On 26 February 1976, he entered the Queanbeyan City Open. Vines was even par during the first 27 holes. Though "there was no indication of what was to come" at this point, Vines would play excellently on the back nine. His back nine started with a chip-in birdie on the 10th. On the 12th, despite missing the fairway, he holed out for an eagle. This was followed by three straight birdies. He missed a 30 centimeter putt on the 16th otherwise he would have had four birdies in a row. Nonetheless, he still shot a 28 (−7). After the round Vines stated it was the best nine holes of his career. It was the first time he had broken 30 and "gave him almost as big a thrill as his 1968 Tasmanian Open victory by 17 shots." Despite this excellent play he was one behind pro Mark Tapper. Vines remained one behind him entering the final round. Tapper, however, played poorly the entire round, presaged by a bogey on the opening hole. Vines took advantage of his poor play. Though he drove the ball extremely erratically, Vines hit extraordinary approaches from the rough or behind trees and the wrong fairway. This enabled him to make a number of birdies and he ultimately cruised to a four shot win.

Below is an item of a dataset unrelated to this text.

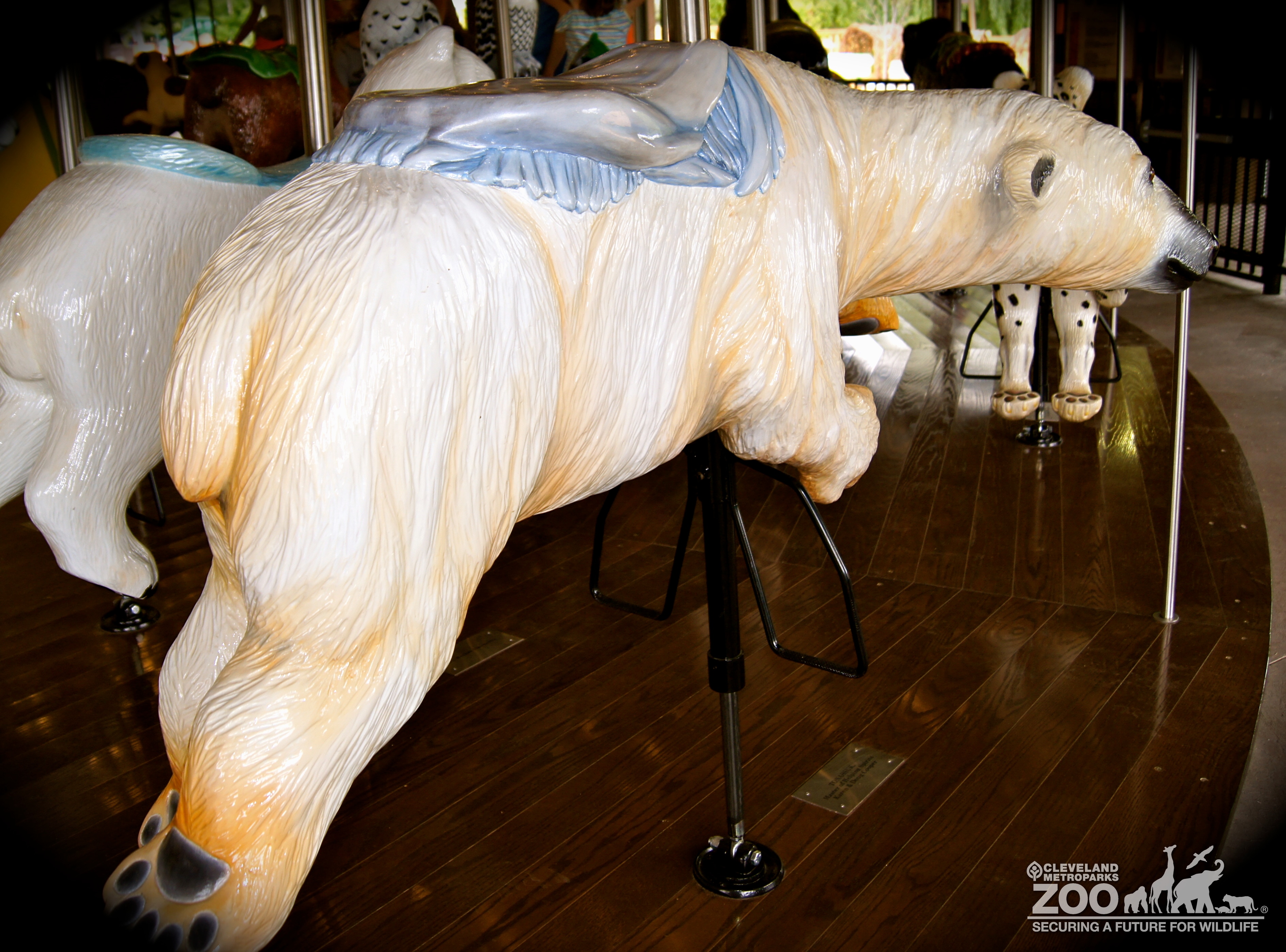 This is a photo of the rear of the Polar Bear shaped seat on the Zoo's Circle of Wildlife Carousel. It is shaped to look as if it is running with it's front & back paws in the air and it has a small light blue saddle on its back for a rider to sit on. The bear is covered in white fur with patches of yellowish brown fur on it's underbelly and on the back of its legs.

During this era Vines started to work as a club professional at Helensvale Golf Course in Helensvale, Queensland. He still worked as a touring professional during the summer, however. Late in 1976 he won the Queensland PGA Championship for the second time. In November 1976, with a 64 (−8), he broke the course record at Victoria Golf Club during the third round of the Colgate Champion of Champions. This moved him within striking distance of the lead. However he shot a mediocre 74 in the final round to end up tied for thirteenth place with Rodger Davis and Tom Watson. The following year he attempted to defend his Queanbeyan City Open championship. After a very erratic opening round 71 (+1), which included a quadruple bogey on the 15th hole, he fired a second round 65 to get into contention. After a disappointing third round he shot a final round 67, the round of the day, and finished in a tie for fourth. On 10 November 1977, at the Australian PGA Championship, he opened with a disappointing 77 (+5), which included five 3-putts. He played excellently the following day, however, with a 64 (−8) to move into fourth place. His second round included three sets of three consecutive birdies. He would go on to finish in a tie for 8th. The following week he seriously contended for the Australian Open. Starting in the second round Vines shot consecutive rounds of 70 (−2) at The Australian to get within two shots of Don January's lead. However he would shoot a disappointing 78 in the final round to finish in a tie for eighth. Despite the weak finish it would be his best ever finish at his national open. Vines defeated star golfers Jack Nicklaus, Raymond Floyd, and Greg Norman by several shots.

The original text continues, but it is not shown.